Unite and BMA union health workers on strike on Monday (Picture: Guy Smallman)

Inflation is rising not—as the Tories and the media will tell—going down. Chancellor Jeremy Hunt breathed a sigh of relief on Wednesday when official figures showed that his preferred CPI rate had fallen slightly. 

But, missed by much of the media, the more accurate RPI rate showed inflation is heading up again. That means workers have to redouble the fight to win double-digit pay rises.

The CPI index of prices rose by 6.7 percent, down from 6.8 percent in July. But the RPI index was up to 9.1 percent from 9 percent. And as always, it’s important to remember that falling inflation does not mean prices are going down. They are just going up more slowly.

The fall in CPI followed cheaper hotel stays and air travel. These are hardly major items for workers and people on benefits and pensions. More importantly, food prices are still going up by 13.6 percent a year.

Residential rents across Britain are rising at their fastest pace on record, as landlords protect their profits from increased interest rates by passing the cost on to tenants. And more expensive mortgages make it harder for people to buy a home, so they turn to renting. More people chasing scarce accommodation means landlords have another chance to put up prices.

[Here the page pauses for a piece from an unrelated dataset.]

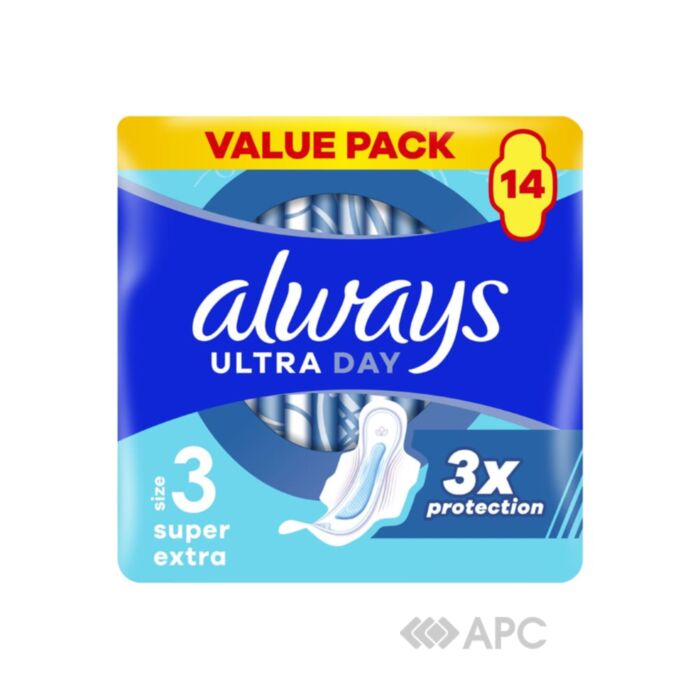 Прокладки гігієнічні ультратонкі Always Ультра день Cупер Екстра 14 шт - надійне і комфортне рішення для забезпечення захисту протягом всього особливого циклу. Із захисними зонами та крильцями, вони надають ефективний захист від протікань, забезпечуючи вам впевненість та комфорт. Індивідуальна упаковка робить їх зручними для перенесення та зберігання, а схвалення від дерматологів від Skin Health Alliance підтверджує безпеку для чутливої шкіри.
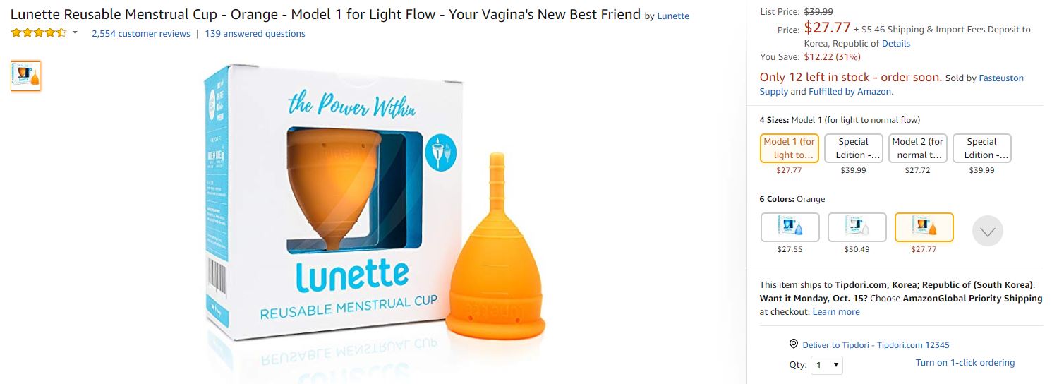 [해외직구] 생리컵 구매 사이트, 아마존 생리컵 직구 – 루네테 생리컵

Data from estate and letting agent Hamptons this week showed that the average rent on a newly-let property has jumped by 12 percent in the year to August. That’s the fastest since its index began in 2014.

This pushed the average monthly rent on a newly-let home in August to £1,304, less than a year after it hit £1,200 for the first time.

The number of households becoming homeless because of landlords selling up or raising rent jumped 27 percent from the previous year in the first quarter of 2023. “No fault” bailiff evictions under Section 21 of the Housing Act also rocketed 41 percent during the same period. This sees tenants forcibly ejected despite not breaching their tenancies.

Yet on Thursday, the Bank of England is expected to raise interest rates again—for the 15th time in a row as it “battles inflation”. Its strategy is to crash the economy and scare workers out of demanding higher wages.

Rocketing interest rates mean bankruptcies and job losses—that’s the deliberate calculation by the government.

Unemployment is already up from 3.6 percent to 4.3 percent over the past year. That equates to around a quarter of a million more people out of work. Around two-thirds of this increase was accounted for by workers aged 18-24.

There is a long-term assault on wages. In the fifteen years since January 2008, real weekly wages have fallen by £15. If real wages had instead grown at the average pre-2008 rate over this time, they’d now be £900 per week. 

That’s £283 higher than they actually are. Workers should not let up at all in the battle for real wage increases.